# Exercise objective
Transcribe each entry below exactly. Pictures do not go in the copy.

[Records excerpted from a collection]
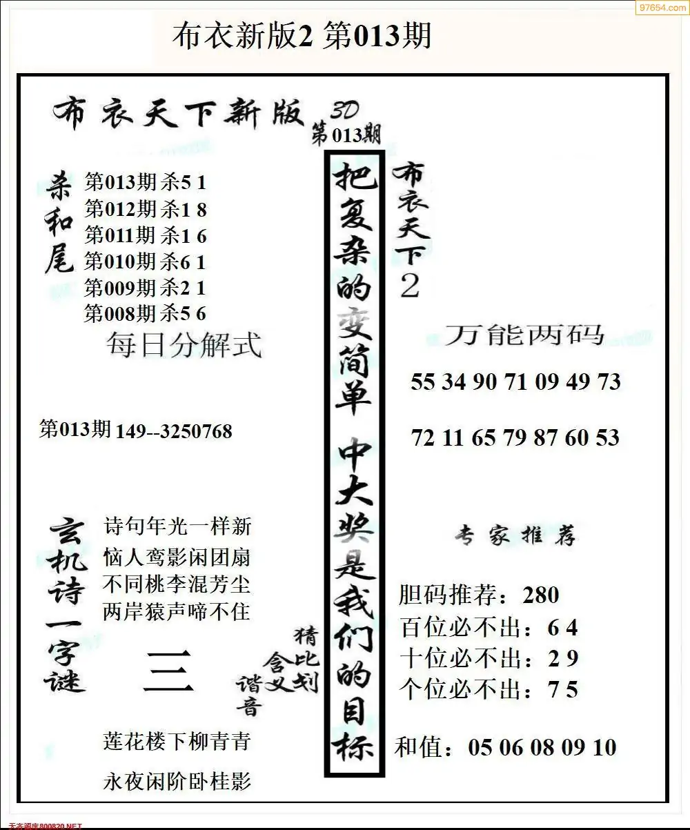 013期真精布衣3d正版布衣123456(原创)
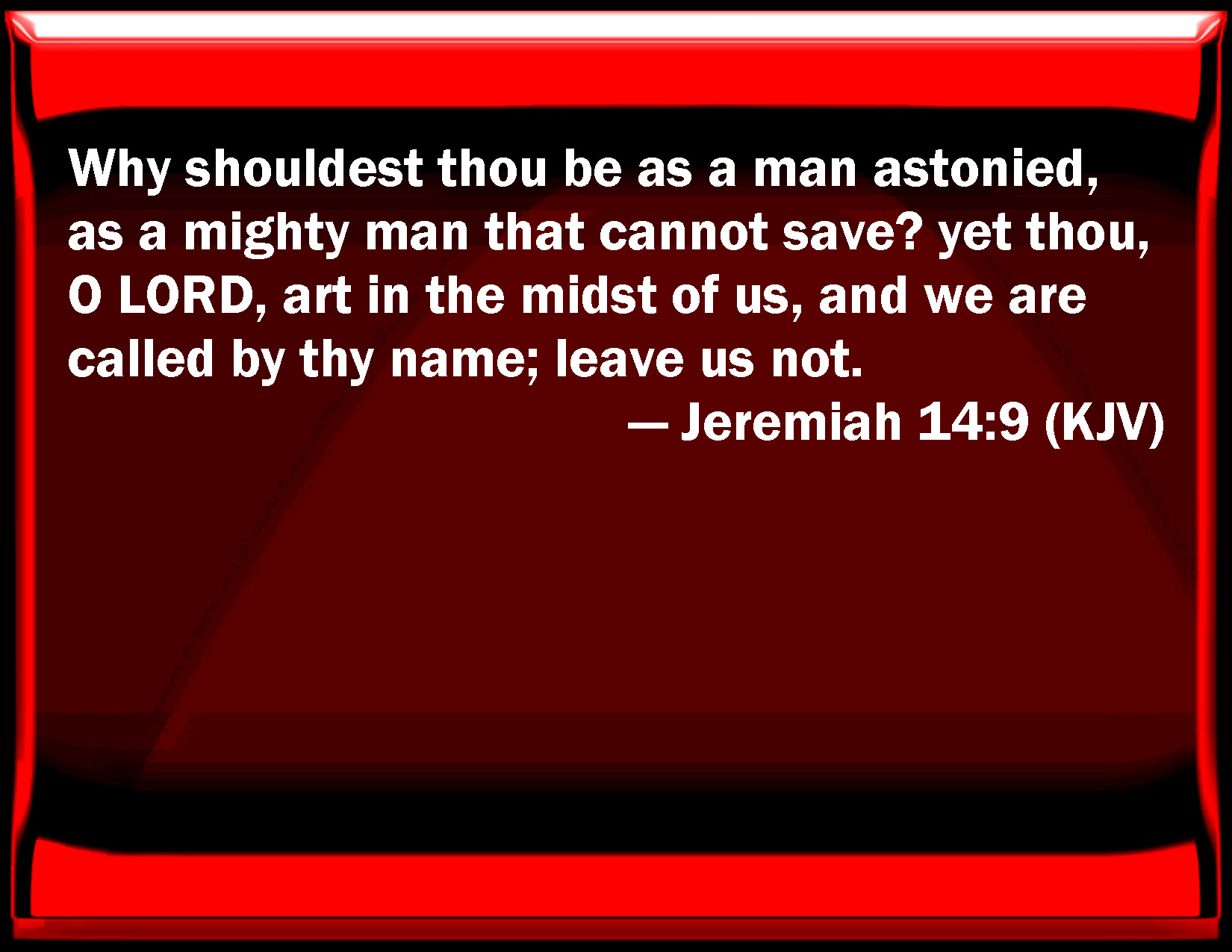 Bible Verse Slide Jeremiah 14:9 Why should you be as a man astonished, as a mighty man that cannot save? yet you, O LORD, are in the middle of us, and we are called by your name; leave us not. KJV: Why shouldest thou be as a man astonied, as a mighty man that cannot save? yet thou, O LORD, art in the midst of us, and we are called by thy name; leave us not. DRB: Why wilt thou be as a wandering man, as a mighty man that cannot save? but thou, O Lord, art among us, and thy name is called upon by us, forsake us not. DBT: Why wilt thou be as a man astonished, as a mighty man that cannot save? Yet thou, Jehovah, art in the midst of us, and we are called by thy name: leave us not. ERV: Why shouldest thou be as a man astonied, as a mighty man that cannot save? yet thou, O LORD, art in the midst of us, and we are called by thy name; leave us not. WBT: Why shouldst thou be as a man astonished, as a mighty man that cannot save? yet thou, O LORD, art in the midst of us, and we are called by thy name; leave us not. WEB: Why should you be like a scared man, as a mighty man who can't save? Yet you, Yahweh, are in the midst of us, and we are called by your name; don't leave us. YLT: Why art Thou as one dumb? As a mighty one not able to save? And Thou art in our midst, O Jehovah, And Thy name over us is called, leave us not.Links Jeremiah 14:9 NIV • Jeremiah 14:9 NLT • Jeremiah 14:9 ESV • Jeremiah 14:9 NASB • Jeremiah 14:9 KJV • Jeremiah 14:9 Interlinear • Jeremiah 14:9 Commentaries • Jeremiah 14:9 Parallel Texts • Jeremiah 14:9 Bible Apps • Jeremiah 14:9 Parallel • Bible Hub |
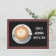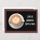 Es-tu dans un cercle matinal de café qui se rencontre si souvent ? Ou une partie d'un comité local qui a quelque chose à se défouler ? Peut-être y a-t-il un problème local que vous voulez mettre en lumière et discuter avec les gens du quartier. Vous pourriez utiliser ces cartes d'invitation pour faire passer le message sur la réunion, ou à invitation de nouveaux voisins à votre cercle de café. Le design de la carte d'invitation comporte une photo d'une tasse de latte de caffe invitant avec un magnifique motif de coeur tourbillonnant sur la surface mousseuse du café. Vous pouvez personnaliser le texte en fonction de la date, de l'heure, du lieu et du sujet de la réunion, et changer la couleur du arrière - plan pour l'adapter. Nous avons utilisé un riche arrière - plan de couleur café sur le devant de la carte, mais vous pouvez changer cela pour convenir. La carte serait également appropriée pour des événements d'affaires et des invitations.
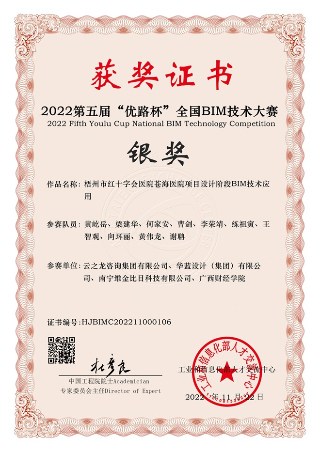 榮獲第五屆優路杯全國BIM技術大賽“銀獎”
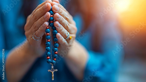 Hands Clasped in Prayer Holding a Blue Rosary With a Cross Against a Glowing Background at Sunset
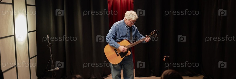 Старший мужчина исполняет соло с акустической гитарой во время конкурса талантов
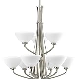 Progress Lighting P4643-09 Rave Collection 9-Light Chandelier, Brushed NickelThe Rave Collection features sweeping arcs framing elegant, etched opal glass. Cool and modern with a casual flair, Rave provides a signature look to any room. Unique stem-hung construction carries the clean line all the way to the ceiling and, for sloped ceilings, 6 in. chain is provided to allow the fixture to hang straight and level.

# Exercise response
 013期真精布衣3d正版布衣123456(原创)
 Bible Verse Slide Jeremiah 14:9 Why should you be as a man astonished, as a mighty man that cannot save? yet you, O LORD, are in the middle of us, and we are called by your name; leave us not. KJV: Why shouldest thou be as a man astonied, as a mighty man that cannot save? yet thou, O LORD, art in the midst of us, and we are called by thy name; leave us not. DRB: Why wilt thou be as a wandering man, as a mighty man that cannot save? but thou, O Lord, art among us, and thy name is called upon by us, forsake us not. DBT: Why wilt thou be as a man astonished, as a mighty man that cannot save? Yet thou, Jehovah, art in the midst of us, and we are called by thy name: leave us not. ERV: Why shouldest thou be as a man astonied, as a mighty man that cannot save? yet thou, O LORD, art in the midst of us, and we are called by thy name; leave us not. WBT: Why shouldst thou be as a man astonished, as a mighty man that cannot save? yet thou, O LORD, art in the midst of us, and we are called by thy name; leave us not. WEB: Why should you be like a scared man, as a mighty man who can't save? Yet you, Yahweh, are in the midst of us, and we are called by your name; don't leave us. YLT: Why art Thou as one dumb? As a mighty one not able to save? And Thou art in our midst, O Jehovah, And Thy name over us is called, leave us not.Links Jeremiah 14:9 NIV • Jeremiah 14:9 NLT • Jeremiah 14:9 ESV • Jeremiah 14:9 NASB • Jeremiah 14:9 KJV • Jeremiah 14:9 Interlinear • Jeremiah 14:9 Commentaries • Jeremiah 14:9 Parallel Texts • Jeremiah 14:9 Bible Apps • Jeremiah 14:9 Parallel • Bible Hub |
 Es-tu dans un cercle matinal de café qui se rencontre si souvent ? Ou une partie d'un comité local qui a quelque chose à se défouler ? Peut-être y a-t-il un problème local que vous voulez mettre en lumière et discuter avec les gens du quartier. Vous pourriez utiliser ces cartes d'invitation pour faire passer le message sur la réunion, ou à invitation de nouveaux voisins à votre cercle de café. Le design de la carte d'invitation comporte une photo d'une tasse de latte de caffe invitant avec un magnifique motif de coeur tourbillonnant sur la surface mousseuse du café. Vous pouvez personnaliser le texte en fonction de la date, de l'heure, du lieu et du sujet de la réunion, et changer la couleur du arrière - plan pour l'adapter. Nous avons utilisé un riche arrière - plan de couleur café sur le devant de la carte, mais vous pouvez changer cela pour convenir. La carte serait également appropriée pour des événements d'affaires et des invitations.
 榮獲第五屆優路杯全國BIM技術大賽“銀獎”
 Hands Clasped in Prayer Holding a Blue Rosary With a Cross Against a Glowing Background at Sunset
 Старший мужчина исполняет соло с акустической гитарой во время конкурса талантов
 Progress Lighting P4643-09 Rave Collection 9-Light Chandelier, Brushed NickelThe Rave Collection features sweeping arcs framing elegant, etched opal glass. Cool and modern with a casual flair, Rave provides a signature look to any room. Unique stem-hung construction carries the clean line all the way to the ceiling and, for sloped ceilings, 6 in. chain is provided to allow the fixture to hang straight and level.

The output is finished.